## The problem
This exercise calls for the records to be returned exactly, with images removed.

[[ Supplied data open ]]

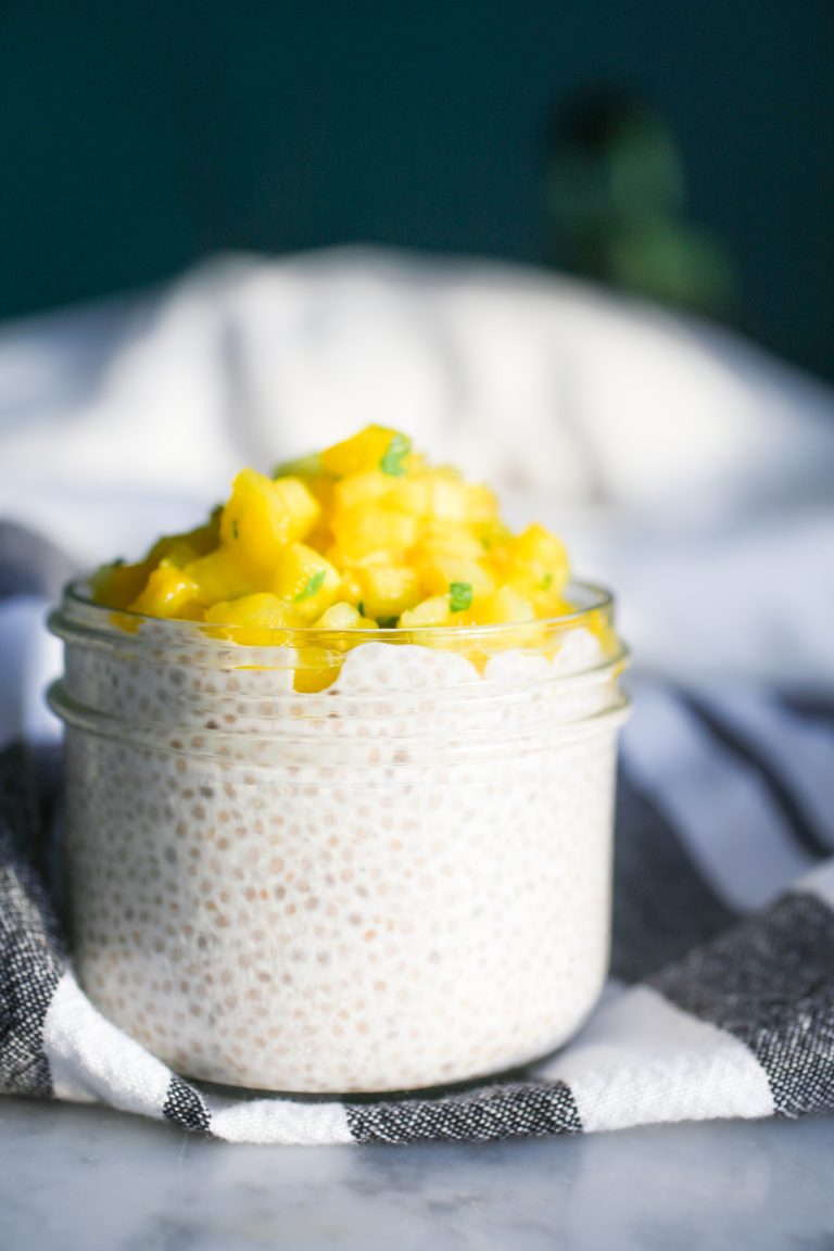 Le pudding de chia est un petit-déjeuner sans fodmaps qui va vous tenir au corps pour la matinée, sans vous ballonner. En plus, il est rapide à préparer. Faites la recette la veille pour un pudding de chia le lendemain matin. Selon la saison, vous pouvez remplacer les fruits exotiques par des fruits de saison (fraises, myrtilles, kiwi…).
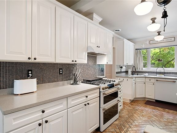 Modern rambler design hosts elements to create a unique home with key features. Enter the main hall through the Dutch door with gleaming hardwood floors. Immersed by the elegant dining room with a breathtaking Restoration Hardware chandelier overhead. The kitchen, just through the butler door has a breakfast area to watch as you cook on your Café Series Range & well-equipped kitchen. Large windows in the living room are positioned to allow light to flood in. A gas burning fireplace warms the center of the room & designed for entertainment. The back porch can settle your evenings while having a glass of wine, listening to nature. Large master bd, redone with hardwood floors & built-ins for storage closets. Master ba is redone as a luxury spa with deep soaking tub & glass enclosed shower, surrounded by marbled tile. Another bedroom with full hall bathroom for family/guests while above the kitchen is your 3rd guest suite & den/meditation room. 2-car attached garage + parking pad
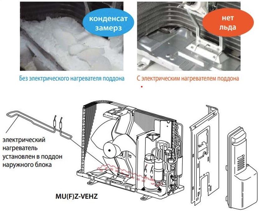 Для всіх кондиціонерів актуальна проблема обмерзання зовнішнього блоку під час роботи на обігрів. У цьому випадку підвищується навантаження на обладнання, а продуктивність істотно падає. Компанія Mitsubishi позбавила власників кондиціонерів серії "Zubadan" від цієї неприємності, оснастивши піддон зовнішнього блоку підігрівом. Японською мовою "Zubadan" позначає «супер обігрів».
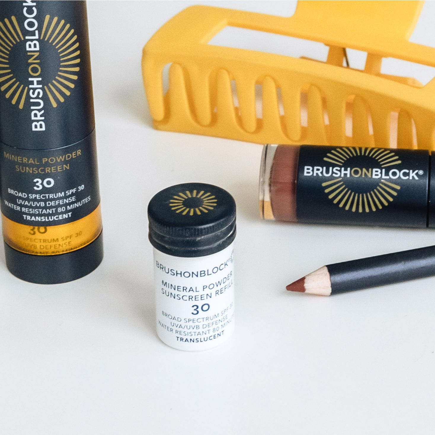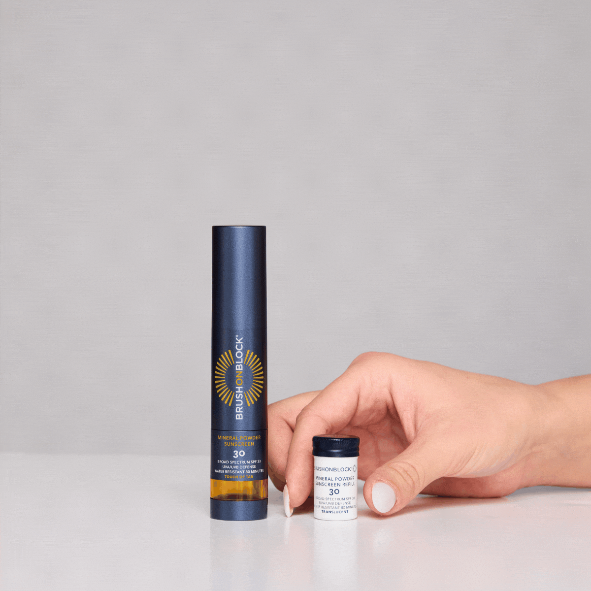 - Use up your refill. Our aluminum refill pods might be small, but they pack the same amount of sunscreen powder as the full-size brush.
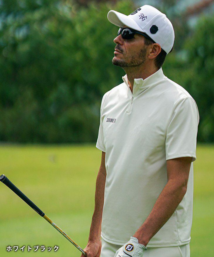 【DIVINER GOLF】バックラインハーフジップ半袖モックネック
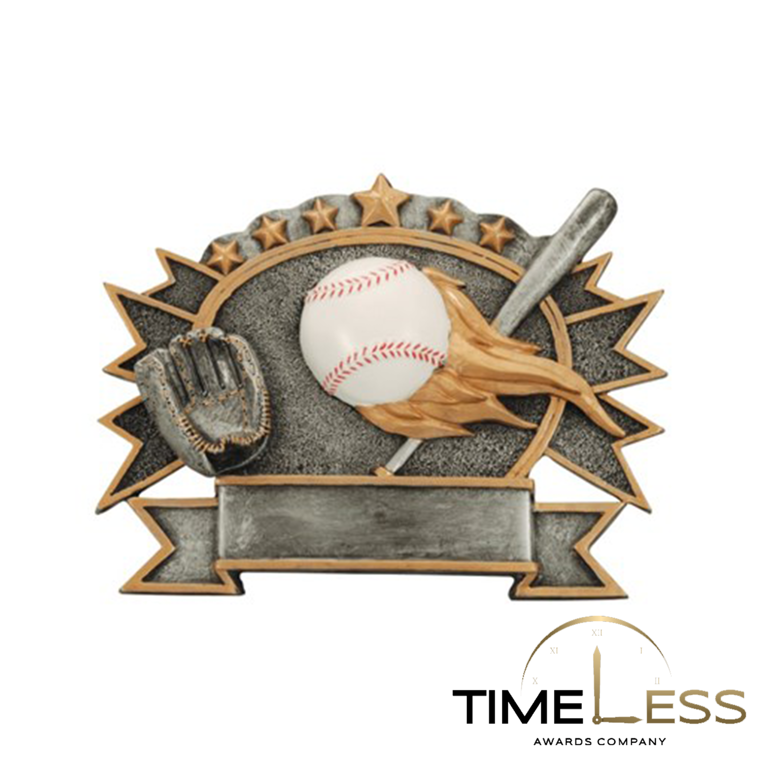 This award features a baseball, glove, and bat. A large area at the bottom of the award can accommodate your personalization needs while the gold and pewter finish complement the look of the award. This item can either be hung on a wall or placed on a desk using the included stand. Bulk quantities may be available. Please contact us for more information and prices.

[[ Supplied data closed ]]

## Response below
 Le pudding de chia est un petit-déjeuner sans fodmaps qui va vous tenir au corps pour la matinée, sans vous ballonner. En plus, il est rapide à préparer. Faites la recette la veille pour un pudding de chia le lendemain matin. Selon la saison, vous pouvez remplacer les fruits exotiques par des fruits de saison (fraises, myrtilles, kiwi…).
 Modern rambler design hosts elements to create a unique home with key features. Enter the main hall through the Dutch door with gleaming hardwood floors. Immersed by the elegant dining room with a breathtaking Restoration Hardware chandelier overhead. The kitchen, just through the butler door has a breakfast area to watch as you cook on your Café Series Range & well-equipped kitchen. Large windows in the living room are positioned to allow light to flood in. A gas burning fireplace warms the center of the room & designed for entertainment. The back porch can settle your evenings while having a glass of wine, listening to nature. Large master bd, redone with hardwood floors & built-ins for storage closets. Master ba is redone as a luxury spa with deep soaking tub & glass enclosed shower, surrounded by marbled tile. Another bedroom with full hall bathroom for family/guests while above the kitchen is your 3rd guest suite & den/meditation room. 2-car attached garage + parking pad
 Для всіх кондиціонерів актуальна проблема обмерзання зовнішнього блоку під час роботи на обігрів. У цьому випадку підвищується навантаження на обладнання, а продуктивність істотно падає. Компанія Mitsubishi позбавила власників кондиціонерів серії "Zubadan" від цієї неприємності, оснастивши піддон зовнішнього блоку підігрівом. Японською мовою "Zubadan" позначає «супер обігрів».
 - Use up your refill. Our aluminum refill pods might be small, but they pack the same amount of sunscreen powder as the full-size brush.
 【DIVINER GOLF】バックラインハーフジップ半袖モックネック
 This award features a baseball, glove, and bat. A large area at the bottom of the award can accommodate your personalization needs while the gold and pewter finish complement the look of the award. This item can either be hung on a wall or placed on a desk using the included stand. Bulk quantities may be available. Please contact us for more information and prices.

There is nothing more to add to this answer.